The United States Conference of Catholic Bishops responded to this proposal by claiming that it “may force faith-based and other organizations, as a condition of participating in HUD programs and in contravention of their religious beliefs, to facilitate shared housing arrangements between persons who are not joined in the legal union of one man and one woman.” In other words, participating religious groups wouldn’t be allowed to treat gay people differently. And while this might be contrary to their religious beliefs, it’s also beside the point.
The bishops’ counsel has stated that “faith-based and other organizations should retain the freedom they have always had to make housing placements in a manner consistent with their religious beliefs”. But participating organizations are already subject to nondiscrimination regulations, regardless of their religious beliefs. Discrimination on the basis of race, sex, color, religion or national origin is already prohibited, and there is no exception for religious organizations – nor should there be. Holding a particular religious belief does not exempt someone from following the applicable regulations just because they think they shouldn’t have to. When they choose to participate in these programs and accept federal assistance, they’re subject to the same rules as everyone else. Religious beliefs that are racist or sexist in nature don’t make racial or sexual discrimination in these programs any more acceptable. So why should this be any different?
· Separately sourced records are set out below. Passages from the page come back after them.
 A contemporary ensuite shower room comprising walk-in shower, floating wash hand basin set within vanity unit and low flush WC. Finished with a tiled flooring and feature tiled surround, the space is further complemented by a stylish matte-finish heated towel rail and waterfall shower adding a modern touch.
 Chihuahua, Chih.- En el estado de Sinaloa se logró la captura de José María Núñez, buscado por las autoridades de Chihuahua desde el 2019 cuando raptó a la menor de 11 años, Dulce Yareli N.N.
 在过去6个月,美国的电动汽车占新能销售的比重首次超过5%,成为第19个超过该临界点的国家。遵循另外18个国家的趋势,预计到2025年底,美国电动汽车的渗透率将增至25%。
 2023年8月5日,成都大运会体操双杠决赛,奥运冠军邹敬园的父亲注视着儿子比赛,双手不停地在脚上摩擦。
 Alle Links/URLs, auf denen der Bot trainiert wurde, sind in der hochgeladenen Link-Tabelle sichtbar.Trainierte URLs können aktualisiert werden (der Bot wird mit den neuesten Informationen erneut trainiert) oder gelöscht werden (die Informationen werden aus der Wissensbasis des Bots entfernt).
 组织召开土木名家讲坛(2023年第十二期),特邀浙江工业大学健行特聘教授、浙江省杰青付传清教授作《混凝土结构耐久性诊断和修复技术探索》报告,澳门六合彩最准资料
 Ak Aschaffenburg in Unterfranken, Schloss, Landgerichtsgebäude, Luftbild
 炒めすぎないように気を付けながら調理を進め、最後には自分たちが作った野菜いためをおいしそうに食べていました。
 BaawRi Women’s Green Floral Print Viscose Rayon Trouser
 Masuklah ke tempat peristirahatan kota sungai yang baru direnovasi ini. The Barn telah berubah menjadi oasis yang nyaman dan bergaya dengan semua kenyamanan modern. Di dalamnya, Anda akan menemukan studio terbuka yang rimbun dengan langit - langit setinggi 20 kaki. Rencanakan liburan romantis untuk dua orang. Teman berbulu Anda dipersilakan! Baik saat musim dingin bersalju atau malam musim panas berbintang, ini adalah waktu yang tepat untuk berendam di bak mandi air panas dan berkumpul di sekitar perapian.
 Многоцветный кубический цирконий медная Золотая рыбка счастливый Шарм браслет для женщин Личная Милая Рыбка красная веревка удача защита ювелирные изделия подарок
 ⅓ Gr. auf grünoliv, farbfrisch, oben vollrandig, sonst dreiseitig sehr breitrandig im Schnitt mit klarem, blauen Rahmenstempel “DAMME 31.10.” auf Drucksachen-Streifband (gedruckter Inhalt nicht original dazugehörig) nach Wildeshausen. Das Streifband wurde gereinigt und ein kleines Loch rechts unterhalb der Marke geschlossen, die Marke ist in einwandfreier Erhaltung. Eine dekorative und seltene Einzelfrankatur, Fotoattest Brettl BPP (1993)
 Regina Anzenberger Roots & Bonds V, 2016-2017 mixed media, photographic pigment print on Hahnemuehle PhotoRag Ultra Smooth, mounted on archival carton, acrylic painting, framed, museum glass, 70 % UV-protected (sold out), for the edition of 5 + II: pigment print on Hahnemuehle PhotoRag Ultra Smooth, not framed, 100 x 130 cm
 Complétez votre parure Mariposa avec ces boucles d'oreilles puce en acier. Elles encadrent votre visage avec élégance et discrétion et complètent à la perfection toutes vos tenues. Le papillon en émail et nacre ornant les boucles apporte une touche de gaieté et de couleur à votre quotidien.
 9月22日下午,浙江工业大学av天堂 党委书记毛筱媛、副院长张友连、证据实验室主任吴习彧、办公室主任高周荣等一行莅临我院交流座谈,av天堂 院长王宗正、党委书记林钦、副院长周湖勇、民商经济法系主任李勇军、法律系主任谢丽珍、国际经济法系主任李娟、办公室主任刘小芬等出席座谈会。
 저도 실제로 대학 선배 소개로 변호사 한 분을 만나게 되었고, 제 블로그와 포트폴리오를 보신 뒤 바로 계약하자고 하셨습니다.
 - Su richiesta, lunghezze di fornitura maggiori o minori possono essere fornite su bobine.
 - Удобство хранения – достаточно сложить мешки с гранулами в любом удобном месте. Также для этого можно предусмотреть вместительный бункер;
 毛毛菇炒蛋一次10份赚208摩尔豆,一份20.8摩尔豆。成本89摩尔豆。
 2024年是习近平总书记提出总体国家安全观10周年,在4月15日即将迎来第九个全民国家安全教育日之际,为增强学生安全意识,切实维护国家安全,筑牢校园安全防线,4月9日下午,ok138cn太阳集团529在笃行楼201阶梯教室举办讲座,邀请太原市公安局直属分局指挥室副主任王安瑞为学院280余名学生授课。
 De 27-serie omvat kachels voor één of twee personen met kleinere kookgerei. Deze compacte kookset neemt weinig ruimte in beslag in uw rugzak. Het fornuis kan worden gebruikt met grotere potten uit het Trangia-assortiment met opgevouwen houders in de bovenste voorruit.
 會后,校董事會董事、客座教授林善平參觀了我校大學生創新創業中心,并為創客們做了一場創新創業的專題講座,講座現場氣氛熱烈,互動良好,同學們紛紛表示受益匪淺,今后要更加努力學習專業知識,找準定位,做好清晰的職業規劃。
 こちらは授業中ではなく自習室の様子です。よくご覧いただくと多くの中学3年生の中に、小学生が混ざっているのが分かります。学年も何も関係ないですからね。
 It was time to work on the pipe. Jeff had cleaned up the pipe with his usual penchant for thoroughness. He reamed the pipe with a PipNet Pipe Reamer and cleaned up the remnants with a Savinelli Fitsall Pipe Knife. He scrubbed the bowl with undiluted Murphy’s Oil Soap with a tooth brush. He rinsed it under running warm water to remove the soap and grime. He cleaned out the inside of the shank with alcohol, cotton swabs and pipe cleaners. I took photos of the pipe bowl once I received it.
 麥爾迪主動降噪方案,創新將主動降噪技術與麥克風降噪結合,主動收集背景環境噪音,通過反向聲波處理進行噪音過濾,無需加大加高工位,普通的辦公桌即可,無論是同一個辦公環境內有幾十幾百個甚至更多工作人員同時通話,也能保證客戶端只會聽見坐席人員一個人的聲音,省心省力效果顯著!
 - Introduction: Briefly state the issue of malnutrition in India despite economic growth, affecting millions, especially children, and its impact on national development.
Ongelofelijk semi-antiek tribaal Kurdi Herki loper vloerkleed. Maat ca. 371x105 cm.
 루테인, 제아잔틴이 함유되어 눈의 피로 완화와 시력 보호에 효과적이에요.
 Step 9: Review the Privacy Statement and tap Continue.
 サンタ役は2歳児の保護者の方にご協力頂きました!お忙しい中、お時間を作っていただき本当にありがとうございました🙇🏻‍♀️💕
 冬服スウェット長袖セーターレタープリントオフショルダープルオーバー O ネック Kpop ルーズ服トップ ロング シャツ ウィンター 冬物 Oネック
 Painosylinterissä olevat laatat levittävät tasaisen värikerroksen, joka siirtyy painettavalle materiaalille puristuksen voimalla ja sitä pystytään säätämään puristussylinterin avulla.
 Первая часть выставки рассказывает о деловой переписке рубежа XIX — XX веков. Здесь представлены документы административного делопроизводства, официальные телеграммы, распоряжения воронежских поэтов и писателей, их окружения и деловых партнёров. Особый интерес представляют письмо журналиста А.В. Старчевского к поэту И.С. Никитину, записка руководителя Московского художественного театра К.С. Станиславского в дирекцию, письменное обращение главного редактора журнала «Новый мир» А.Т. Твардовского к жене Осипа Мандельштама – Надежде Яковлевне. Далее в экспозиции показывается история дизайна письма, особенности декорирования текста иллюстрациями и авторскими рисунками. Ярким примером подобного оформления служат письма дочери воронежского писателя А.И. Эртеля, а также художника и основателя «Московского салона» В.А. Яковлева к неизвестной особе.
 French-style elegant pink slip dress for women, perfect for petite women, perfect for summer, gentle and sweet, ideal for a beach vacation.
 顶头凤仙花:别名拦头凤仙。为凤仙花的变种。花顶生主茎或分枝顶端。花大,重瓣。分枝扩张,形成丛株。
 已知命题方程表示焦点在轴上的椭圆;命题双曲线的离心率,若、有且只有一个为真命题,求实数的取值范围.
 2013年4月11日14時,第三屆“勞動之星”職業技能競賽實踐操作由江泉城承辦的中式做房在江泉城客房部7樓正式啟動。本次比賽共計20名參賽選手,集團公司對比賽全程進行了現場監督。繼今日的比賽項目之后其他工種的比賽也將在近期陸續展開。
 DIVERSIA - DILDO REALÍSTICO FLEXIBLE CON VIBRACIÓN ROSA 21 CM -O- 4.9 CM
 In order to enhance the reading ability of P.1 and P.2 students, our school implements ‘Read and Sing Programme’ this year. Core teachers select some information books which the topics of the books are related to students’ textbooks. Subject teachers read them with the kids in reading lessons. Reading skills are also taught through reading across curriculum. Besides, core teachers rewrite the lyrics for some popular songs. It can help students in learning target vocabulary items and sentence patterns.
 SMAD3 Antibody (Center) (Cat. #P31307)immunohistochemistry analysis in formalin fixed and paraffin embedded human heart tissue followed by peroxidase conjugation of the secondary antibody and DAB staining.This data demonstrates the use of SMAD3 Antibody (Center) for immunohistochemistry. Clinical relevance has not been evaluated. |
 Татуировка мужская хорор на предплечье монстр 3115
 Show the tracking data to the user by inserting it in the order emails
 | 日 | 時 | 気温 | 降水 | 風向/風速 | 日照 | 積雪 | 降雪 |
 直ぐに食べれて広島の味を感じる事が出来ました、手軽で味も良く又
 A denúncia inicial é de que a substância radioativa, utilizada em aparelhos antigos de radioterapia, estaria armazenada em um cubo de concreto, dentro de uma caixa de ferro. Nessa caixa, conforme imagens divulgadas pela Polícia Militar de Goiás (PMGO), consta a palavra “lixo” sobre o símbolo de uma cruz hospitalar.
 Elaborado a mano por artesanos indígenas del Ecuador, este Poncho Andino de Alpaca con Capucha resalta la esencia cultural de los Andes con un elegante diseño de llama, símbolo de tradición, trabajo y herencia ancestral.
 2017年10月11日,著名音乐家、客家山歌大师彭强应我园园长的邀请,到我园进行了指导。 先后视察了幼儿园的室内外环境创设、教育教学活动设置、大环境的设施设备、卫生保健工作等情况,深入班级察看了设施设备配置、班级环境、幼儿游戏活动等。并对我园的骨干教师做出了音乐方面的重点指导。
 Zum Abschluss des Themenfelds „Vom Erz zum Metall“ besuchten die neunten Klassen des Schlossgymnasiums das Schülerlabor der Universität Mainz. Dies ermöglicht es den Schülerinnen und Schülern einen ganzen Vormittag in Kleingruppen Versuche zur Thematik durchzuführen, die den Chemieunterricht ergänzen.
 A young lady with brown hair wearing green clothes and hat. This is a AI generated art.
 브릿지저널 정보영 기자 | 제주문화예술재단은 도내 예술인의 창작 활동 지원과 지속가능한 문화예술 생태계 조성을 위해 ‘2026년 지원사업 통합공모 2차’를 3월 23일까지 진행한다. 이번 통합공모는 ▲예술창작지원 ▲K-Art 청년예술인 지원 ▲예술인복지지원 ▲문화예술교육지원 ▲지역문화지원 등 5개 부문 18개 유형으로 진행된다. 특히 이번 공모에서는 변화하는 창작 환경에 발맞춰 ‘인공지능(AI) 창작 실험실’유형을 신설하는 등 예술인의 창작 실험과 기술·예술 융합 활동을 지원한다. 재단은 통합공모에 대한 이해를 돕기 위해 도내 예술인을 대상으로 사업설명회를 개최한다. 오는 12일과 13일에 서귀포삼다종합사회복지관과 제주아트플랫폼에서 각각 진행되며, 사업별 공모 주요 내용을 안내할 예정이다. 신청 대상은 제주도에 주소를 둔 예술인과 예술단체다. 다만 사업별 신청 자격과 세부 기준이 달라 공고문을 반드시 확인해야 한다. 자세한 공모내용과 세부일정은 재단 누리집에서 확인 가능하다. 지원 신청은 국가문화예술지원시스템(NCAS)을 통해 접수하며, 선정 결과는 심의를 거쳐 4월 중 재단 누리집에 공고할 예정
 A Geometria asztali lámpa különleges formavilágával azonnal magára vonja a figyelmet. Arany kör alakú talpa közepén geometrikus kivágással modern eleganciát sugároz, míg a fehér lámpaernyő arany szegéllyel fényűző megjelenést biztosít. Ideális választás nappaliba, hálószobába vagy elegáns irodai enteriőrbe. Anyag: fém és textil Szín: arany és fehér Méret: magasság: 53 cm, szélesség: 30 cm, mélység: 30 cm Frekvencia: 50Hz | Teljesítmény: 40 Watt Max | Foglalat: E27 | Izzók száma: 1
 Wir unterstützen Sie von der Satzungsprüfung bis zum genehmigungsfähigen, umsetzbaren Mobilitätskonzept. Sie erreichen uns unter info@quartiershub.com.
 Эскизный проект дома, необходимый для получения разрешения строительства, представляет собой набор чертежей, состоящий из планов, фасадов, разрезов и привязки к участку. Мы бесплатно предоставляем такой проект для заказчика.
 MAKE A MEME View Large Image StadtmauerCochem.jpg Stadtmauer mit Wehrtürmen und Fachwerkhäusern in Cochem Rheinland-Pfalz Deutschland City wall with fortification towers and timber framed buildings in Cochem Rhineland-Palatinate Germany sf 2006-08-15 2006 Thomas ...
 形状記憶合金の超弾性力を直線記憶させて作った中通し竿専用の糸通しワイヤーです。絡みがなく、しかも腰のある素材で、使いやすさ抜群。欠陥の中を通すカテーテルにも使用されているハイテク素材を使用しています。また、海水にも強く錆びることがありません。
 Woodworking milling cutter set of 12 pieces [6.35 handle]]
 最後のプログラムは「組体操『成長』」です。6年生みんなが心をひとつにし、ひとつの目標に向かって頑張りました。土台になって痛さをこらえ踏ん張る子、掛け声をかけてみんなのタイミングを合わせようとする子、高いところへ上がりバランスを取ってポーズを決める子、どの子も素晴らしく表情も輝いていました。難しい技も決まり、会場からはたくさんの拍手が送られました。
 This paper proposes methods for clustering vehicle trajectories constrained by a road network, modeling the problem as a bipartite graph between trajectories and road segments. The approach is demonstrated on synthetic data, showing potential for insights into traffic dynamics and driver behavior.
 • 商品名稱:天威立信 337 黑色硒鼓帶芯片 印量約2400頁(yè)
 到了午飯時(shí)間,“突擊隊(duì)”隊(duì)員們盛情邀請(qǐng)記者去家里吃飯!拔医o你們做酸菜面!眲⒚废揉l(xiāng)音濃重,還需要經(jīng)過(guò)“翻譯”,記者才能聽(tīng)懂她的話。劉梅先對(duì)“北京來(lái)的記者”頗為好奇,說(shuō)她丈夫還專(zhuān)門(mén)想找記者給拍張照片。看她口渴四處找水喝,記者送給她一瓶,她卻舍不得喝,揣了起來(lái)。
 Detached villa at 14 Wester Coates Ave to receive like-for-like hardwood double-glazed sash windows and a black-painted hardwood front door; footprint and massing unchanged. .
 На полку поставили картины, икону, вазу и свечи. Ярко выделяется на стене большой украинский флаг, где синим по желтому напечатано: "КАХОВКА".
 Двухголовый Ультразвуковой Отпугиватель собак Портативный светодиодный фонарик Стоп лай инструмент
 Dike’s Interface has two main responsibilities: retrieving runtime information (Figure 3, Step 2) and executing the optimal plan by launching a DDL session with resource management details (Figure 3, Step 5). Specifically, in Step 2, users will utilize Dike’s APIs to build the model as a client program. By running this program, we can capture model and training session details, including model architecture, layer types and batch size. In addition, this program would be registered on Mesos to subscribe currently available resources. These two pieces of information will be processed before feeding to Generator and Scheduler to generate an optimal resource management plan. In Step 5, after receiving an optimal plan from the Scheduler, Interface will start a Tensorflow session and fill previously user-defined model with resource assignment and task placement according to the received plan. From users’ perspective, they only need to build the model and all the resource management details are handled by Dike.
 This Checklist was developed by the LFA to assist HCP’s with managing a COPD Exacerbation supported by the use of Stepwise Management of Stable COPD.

The bishops have cited the Defense of Marriage Act as requiring the federal government to treat only opposite-sex unions as marriages. But nowhere does it limit how HUD regulations can interpret the meaning of a family, which doesn’t require marriage and can even consist of single people. As the proposal notes, the composition of families isn’t limited to the statutory examples. And it doesn’t mandate that these regulations must permit discrimination on the basis of marital status, or sexual orientation, or gender identity.
The bishops further claim that this proposal would itself constitute “a type of discrimination” against participating religious organizations that seek to discriminate against gay people. But a prohibition of discrimination is not discrimination against religion just because someone’s religion may advocate for discrimination. They would still be subject to these nondiscrimination provisions whether their religion is the cause of this, or they’re just plain stupid. The very intention of such regulations is to exclude groups that insist on discriminating, so leaving them out of these programs is kind of the point. Religion is irrelevant to this, and refusing to allow special exceptions for religion is not a form of discrimination. But allowing religious groups not to follow the rules that everyone else does would be discrimination.
Finally, the bishops suggest that “Given the very large role that faith-based organizations play in HUD programs, the regulation, by infringing upon that freedom, may have the ultimate effect of driving away organizations with a long and successful track record in meeting housing needs, leaving beneficiaries without the housing that they sought or that the government intended them to receive.” In essence, they would rather quit these programs entirely and serve nobody instead of being required to include gay people. They would actually prefer to leave people out in the cold if they aren’t allowed to keep gay people from getting a mortgage or renting an apartment. Is that the kind of value system they want their religion to be known for – closing down all of their services just to make sure that gay people can’t even have a roof over their heads?
If that’s their attitude, why should they have any place in these programs? If they insist on tipping over the chess board if we don’t let them have their way, maybe they shouldn’t be a part of this. A group that intends to actively obstruct federal regulations by holding federal programs hostage should not be supported by federal funding. As long as discriminatory religious groups are the ones providing these services, the government will be supporting programs that refuse to treat gay people equally.
And why should anyone be kept out of government housing programs for completely irrelevant reasons just because someone else’s religion says so? The dictates of private, personal faith have no place in federal regulations, and it makes no sense for religious groups to be the ones deciding what kind of discrimination is acceptable. They are not the ones who should be in charge of this. If they can’t do the job, they can be replaced – and they should be. But don’t tell me I can’t have access to housing because someone thinks their god is more important than the people whose needs they serve. If they honestly believe their faith requires keeping people homeless, they need to take a hard look at themselves and stop pretending they have any interest in helping people.